Activity: Copy, exactly as written, the lines that begin at the one containing "Ahşap Kutulu Erkeğe" and end at the one containing "With a screenplay". Skip any pictures in the data below.

++++ The input ++++

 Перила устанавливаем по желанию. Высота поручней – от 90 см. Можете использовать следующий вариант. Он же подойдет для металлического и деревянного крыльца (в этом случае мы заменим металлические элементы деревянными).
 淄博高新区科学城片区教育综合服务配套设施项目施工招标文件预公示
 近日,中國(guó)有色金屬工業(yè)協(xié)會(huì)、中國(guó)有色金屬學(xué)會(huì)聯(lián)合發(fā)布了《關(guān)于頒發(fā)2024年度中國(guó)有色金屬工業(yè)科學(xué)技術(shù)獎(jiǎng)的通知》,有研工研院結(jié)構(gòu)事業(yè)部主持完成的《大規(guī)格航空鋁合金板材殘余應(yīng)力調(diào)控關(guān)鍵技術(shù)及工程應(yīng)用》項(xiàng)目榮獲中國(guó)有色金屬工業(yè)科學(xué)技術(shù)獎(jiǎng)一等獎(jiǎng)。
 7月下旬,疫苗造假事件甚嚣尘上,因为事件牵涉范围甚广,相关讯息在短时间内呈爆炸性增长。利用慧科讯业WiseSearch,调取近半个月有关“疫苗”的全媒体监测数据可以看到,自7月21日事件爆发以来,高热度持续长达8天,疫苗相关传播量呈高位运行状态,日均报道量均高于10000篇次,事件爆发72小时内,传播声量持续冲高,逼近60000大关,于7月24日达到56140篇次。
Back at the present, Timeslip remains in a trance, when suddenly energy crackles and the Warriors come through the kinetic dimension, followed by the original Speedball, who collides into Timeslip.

++++
++++ The input ++++

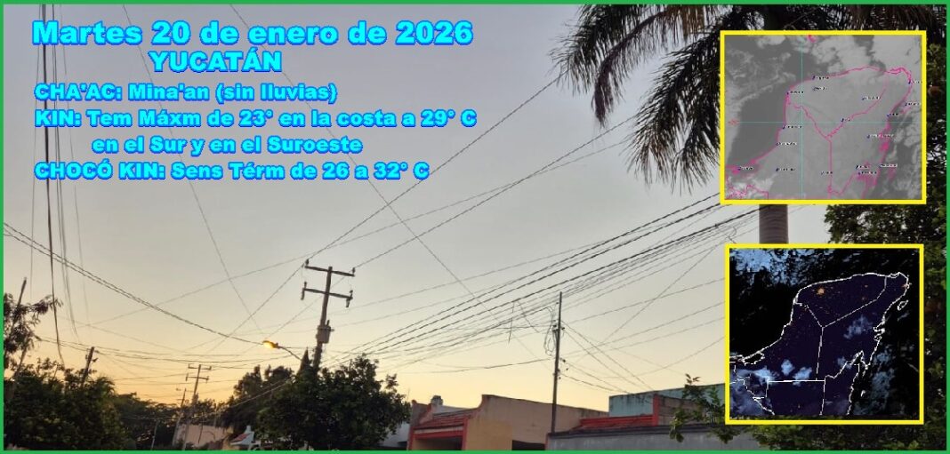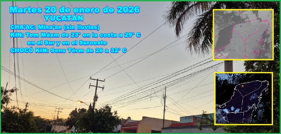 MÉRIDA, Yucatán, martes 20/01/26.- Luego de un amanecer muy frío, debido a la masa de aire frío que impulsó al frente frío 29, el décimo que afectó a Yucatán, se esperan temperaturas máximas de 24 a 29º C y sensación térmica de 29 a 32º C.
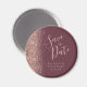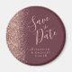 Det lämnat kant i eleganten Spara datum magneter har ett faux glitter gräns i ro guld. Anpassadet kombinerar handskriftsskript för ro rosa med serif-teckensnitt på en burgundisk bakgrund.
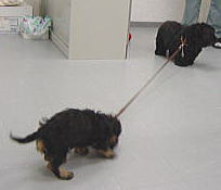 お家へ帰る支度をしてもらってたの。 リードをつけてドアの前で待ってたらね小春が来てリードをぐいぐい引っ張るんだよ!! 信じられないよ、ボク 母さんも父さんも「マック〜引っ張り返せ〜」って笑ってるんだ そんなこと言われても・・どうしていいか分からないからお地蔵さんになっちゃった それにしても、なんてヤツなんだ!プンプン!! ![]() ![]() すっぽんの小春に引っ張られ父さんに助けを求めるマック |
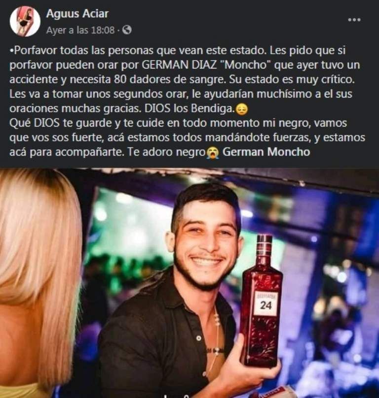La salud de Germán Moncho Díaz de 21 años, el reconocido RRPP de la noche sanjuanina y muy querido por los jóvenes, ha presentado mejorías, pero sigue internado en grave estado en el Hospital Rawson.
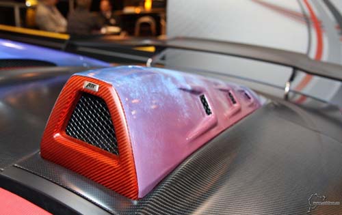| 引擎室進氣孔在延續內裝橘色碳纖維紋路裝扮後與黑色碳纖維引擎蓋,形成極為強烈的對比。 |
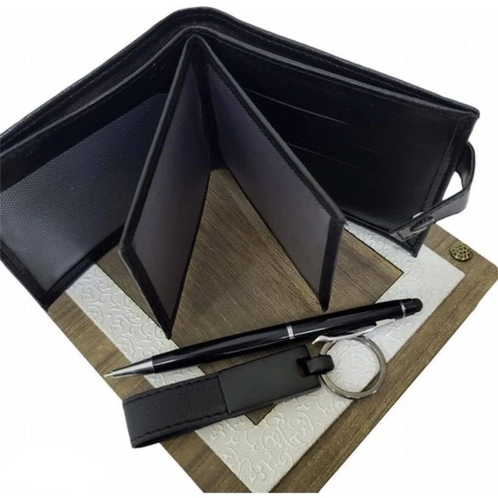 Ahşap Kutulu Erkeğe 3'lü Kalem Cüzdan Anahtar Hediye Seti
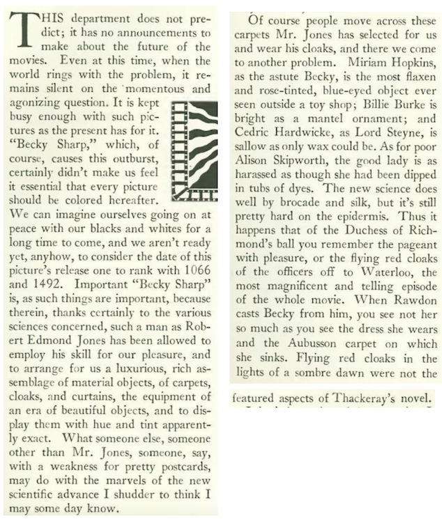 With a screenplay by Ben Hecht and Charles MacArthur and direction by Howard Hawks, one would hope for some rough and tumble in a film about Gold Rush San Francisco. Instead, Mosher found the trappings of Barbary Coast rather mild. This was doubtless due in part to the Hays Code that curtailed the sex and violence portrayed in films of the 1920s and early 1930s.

++++

Response to this task:
 Ahşap Kutulu Erkeğe 3'lü Kalem Cüzdan Anahtar Hediye Seti
 With a screenplay by Ben Hecht and Charles MacArthur and direction by Howard Hawks, one would hope for some rough and tumble in a film about Gold Rush San Francisco. Instead, Mosher found the trappings of Barbary Coast rather mild. This was doubtless due in part to the Hays Code that curtailed the sex and violence portrayed in films of the 1920s and early 1930s.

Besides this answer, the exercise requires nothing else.